- YOUR INSTRUCTIONS
I'd like the entries that follow repeated exactly, with the pictures left out.

[Records from a collection]
§ §
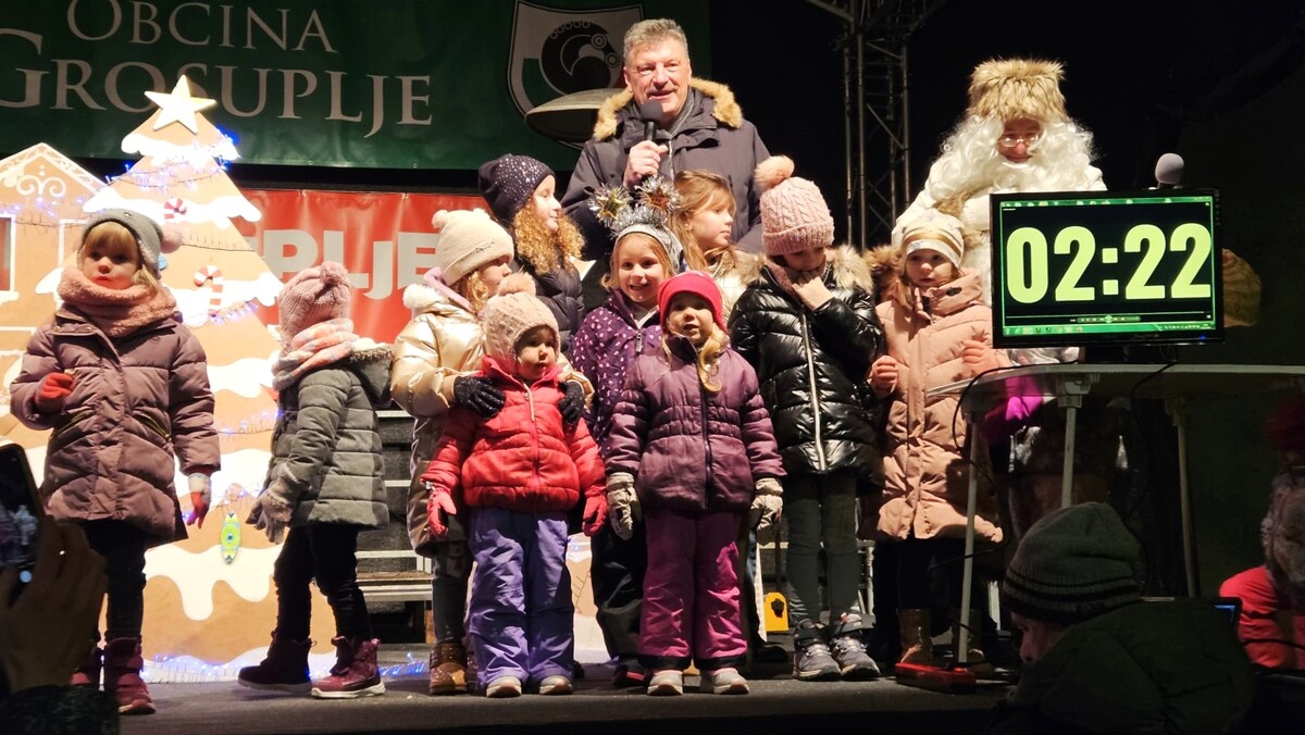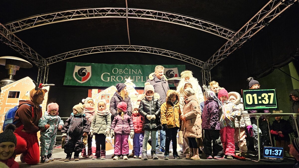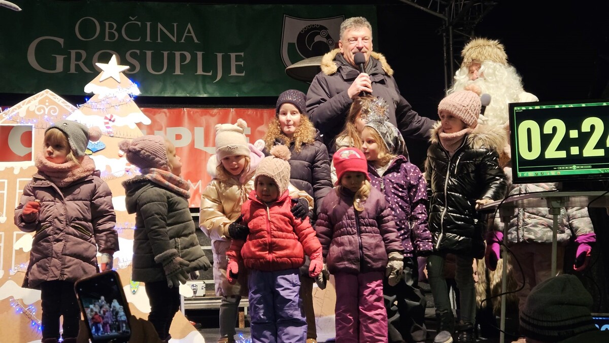 Po predstavi je otroke obiskal Dedek Mraz, jih prijazno pozdravil ter obdaril. Sledil je vrhunec popoldneva - skupno odštevanje do otroškega novega leta, ki sta ga Dedek Mraz in župan dr. Peter Verlič pospremila z lepimi željami in dobrimi mislimi za prihajajoče leto.
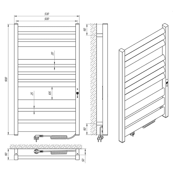 Особливості: управляє нагрівом електрополотенцесушітеля мікропроцесорний термоконтроллер. Для початку роботи необхідно задати температуру полотенцесушителя. Додатково можна вмикати / вимикати нагрів, програмно знижувати потужність до 50%. Термостат контролює температуру поверхнірушникосушки, що виключає його перегрів. Витримує напругу 1500 В змінного струму / хвилину. Є зручна функція блокування кнопок від дітей.
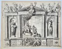 "Mihi Absit Gloriari Nisi in Domino" depicts an elaborate architectural frontispiece. The scene features a central monarch enthroned and receiving a kneeling figure, flanked by statues in niches and topped with a pediment containing allegorical figures. The work is highly detailed, incorporating symbolic elements and classical architectural motifs characteristic of Renaissance book design. This copperplate engraving serves as a significant illustrative plate for a scholarly work on symbolism and heraldry. It originates from a Venetian publication, documenting the complex iconography associated with sixteenth-century nobility and power.
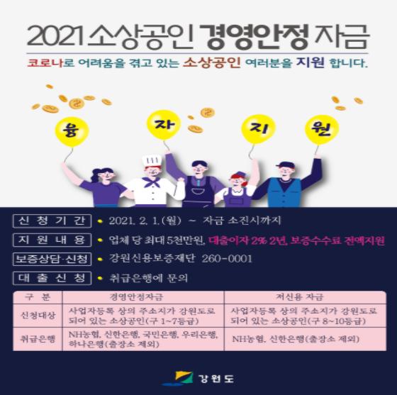 이와 함께, 강원도는 2020년부터 시중은행 문턱이 높아 고금리 대출을 이용하는 저신용(구 신용등급 8~10) 소상공인을 위해 저신용 전용자금을 운영하고 있다.
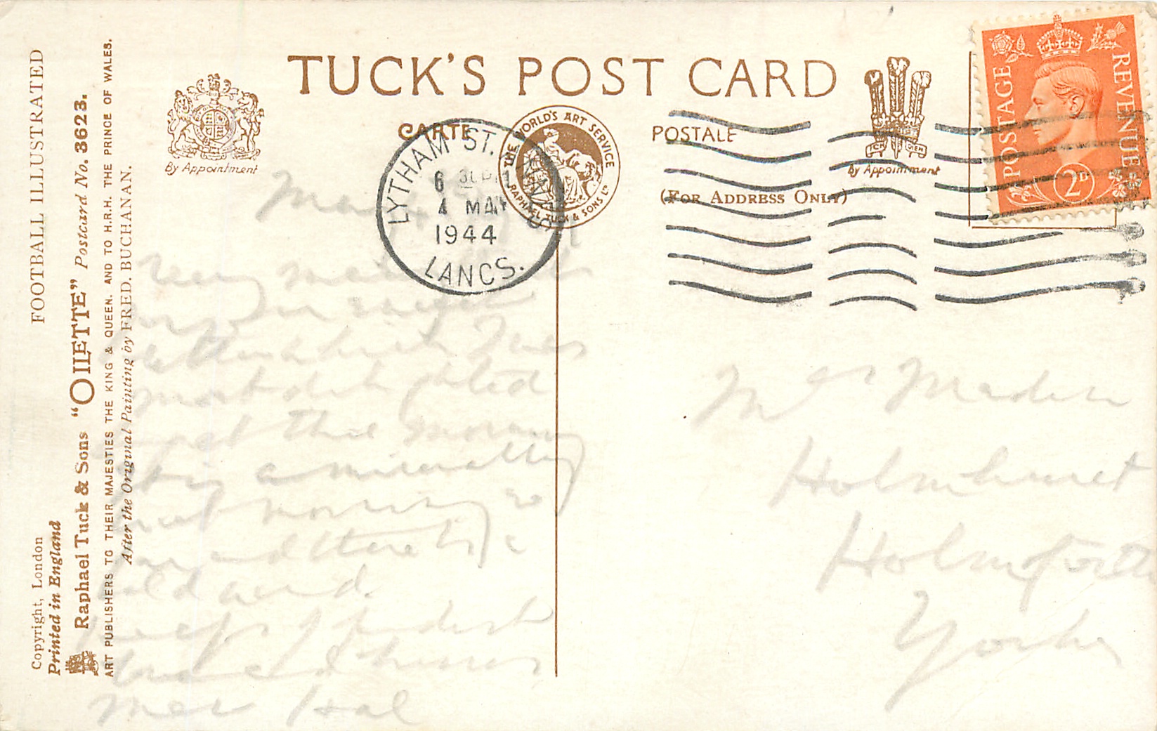 OILETTE, PRINTED IN ENGLAND, COPYRIGHT LONDON, AFTER THE ORIGINAL PAINTING BY FRED. BUCHANAN, listed in 1930 POSTCARD Catalogue
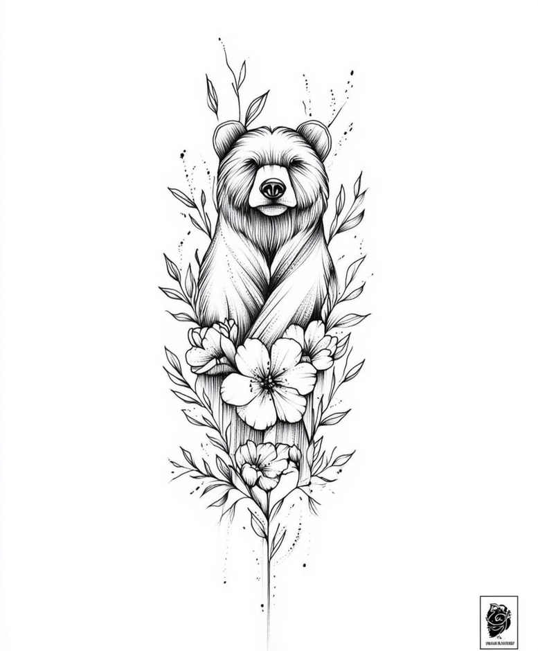 AI-generated tattoo project concept: a graceful panda sits amid a spray of hibiscus flowers and slender leaves, rendered in clean black and grey linework. The composition centers the animal with an aura of calm, while the surrounding blooms create a botanical frame that conveys harmony between creature and nature. The pattern-like repetition of fine lines, stippling, and directional hatching builds texture in the panda’s fur and petals, achieving a sense of movement within a static silhouette. This flexible design scales from a small forearm piece to a larger back or sleeve, and the crisp line density ensures clarity over time. The symbolism blends gentleness and resilience—panda representing peace and balance, flowers signaling growth and renewal—making it a meaningful tattoo design choice for someone seeking a quiet, positive narrative. As an AI-generated tattoo project, it offers a clean blueprint for a custom tattoo design that tattoo artists can adapt to suit individual anatomy and preferences. The black and grey palette anchors the piece in classic realism while the graphic pattern elements give it contemporary edge, compatible with Japanese style tattoo sensibilities as well as floral motif traditions. For those drawn to small tattoos, this motif can be condensed or rearranged without losing identity, while still holding the same symbolism. The overall aesthetic remains timeless, combining naturalistic silhouette with stylized flora to produce a striking body art statement in ink. If color is desired, subtle gradient shading can be introduced to enhance depth, though the piece reads equally well as a monochrome composition. This concept is ideal for collectors of meaningful tattoos who appreciate a harmonious blend of animal and botanical imagery, and its pattern-rich linework ensures a memorable silhouette that stands the test of time. In practice, artists can adapt the pattern density for different placements, and the panda-flower motif can be extended with additional elements like a lotus flower tattoo or infinity tattoo ideas to customize the narrative. The design remains versatile for both realistic tattoo approaches and fine line tattoo aesthetics, reinforcing its potential as a strong portfolio piece for body art and ink enthusiasts.
§ §
- RESULT BELOW
 Po predstavi je otroke obiskal Dedek Mraz, jih prijazno pozdravil ter obdaril. Sledil je vrhunec popoldneva - skupno odštevanje do otroškega novega leta, ki sta ga Dedek Mraz in župan dr. Peter Verlič pospremila z lepimi željami in dobrimi mislimi za prihajajoče leto.
 Особливості: управляє нагрівом електрополотенцесушітеля мікропроцесорний термоконтроллер. Для початку роботи необхідно задати температуру полотенцесушителя. Додатково можна вмикати / вимикати нагрів, програмно знижувати потужність до 50%. Термостат контролює температуру поверхнірушникосушки, що виключає його перегрів. Витримує напругу 1500 В змінного струму / хвилину. Є зручна функція блокування кнопок від дітей.
 "Mihi Absit Gloriari Nisi in Domino" depicts an elaborate architectural frontispiece. The scene features a central monarch enthroned and receiving a kneeling figure, flanked by statues in niches and topped with a pediment containing allegorical figures. The work is highly detailed, incorporating symbolic elements and classical architectural motifs characteristic of Renaissance book design. This copperplate engraving serves as a significant illustrative plate for a scholarly work on symbolism and heraldry. It originates from a Venetian publication, documenting the complex iconography associated with sixteenth-century nobility and power.
 이와 함께, 강원도는 2020년부터 시중은행 문턱이 높아 고금리 대출을 이용하는 저신용(구 신용등급 8~10) 소상공인을 위해 저신용 전용자금을 운영하고 있다.
 OILETTE, PRINTED IN ENGLAND, COPYRIGHT LONDON, AFTER THE ORIGINAL PAINTING BY FRED. BUCHANAN, listed in 1930 POSTCARD Catalogue
 AI-generated tattoo project concept: a graceful panda sits amid a spray of hibiscus flowers and slender leaves, rendered in clean black and grey linework. The composition centers the animal with an aura of calm, while the surrounding blooms create a botanical frame that conveys harmony between creature and nature. The pattern-like repetition of fine lines, stippling, and directional hatching builds texture in the panda’s fur and petals, achieving a sense of movement within a static silhouette. This flexible design scales from a small forearm piece to a larger back or sleeve, and the crisp line density ensures clarity over time. The symbolism blends gentleness and resilience—panda representing peace and balance, flowers signaling growth and renewal—making it a meaningful tattoo design choice for someone seeking a quiet, positive narrative. As an AI-generated tattoo project, it offers a clean blueprint for a custom tattoo design that tattoo artists can adapt to suit individual anatomy and preferences. The black and grey palette anchors the piece in classic realism while the graphic pattern elements give it contemporary edge, compatible with Japanese style tattoo sensibilities as well as floral motif traditions. For those drawn to small tattoos, this motif can be condensed or rearranged without losing identity, while still holding the same symbolism. The overall aesthetic remains timeless, combining naturalistic silhouette with stylized flora to produce a striking body art statement in ink. If color is desired, subtle gradient shading can be introduced to enhance depth, though the piece reads equally well as a monochrome composition. This concept is ideal for collectors of meaningful tattoos who appreciate a harmonious blend of animal and botanical imagery, and its pattern-rich linework ensures a memorable silhouette that stands the test of time. In practice, artists can adapt the pattern density for different placements, and the panda-flower motif can be extended with additional elements like a lotus flower tattoo or infinity tattoo ideas to customize the narrative. The design remains versatile for both realistic tattoo approaches and fine line tattoo aesthetics, reinforcing its potential as a strong portfolio piece for body art and ink enthusiasts.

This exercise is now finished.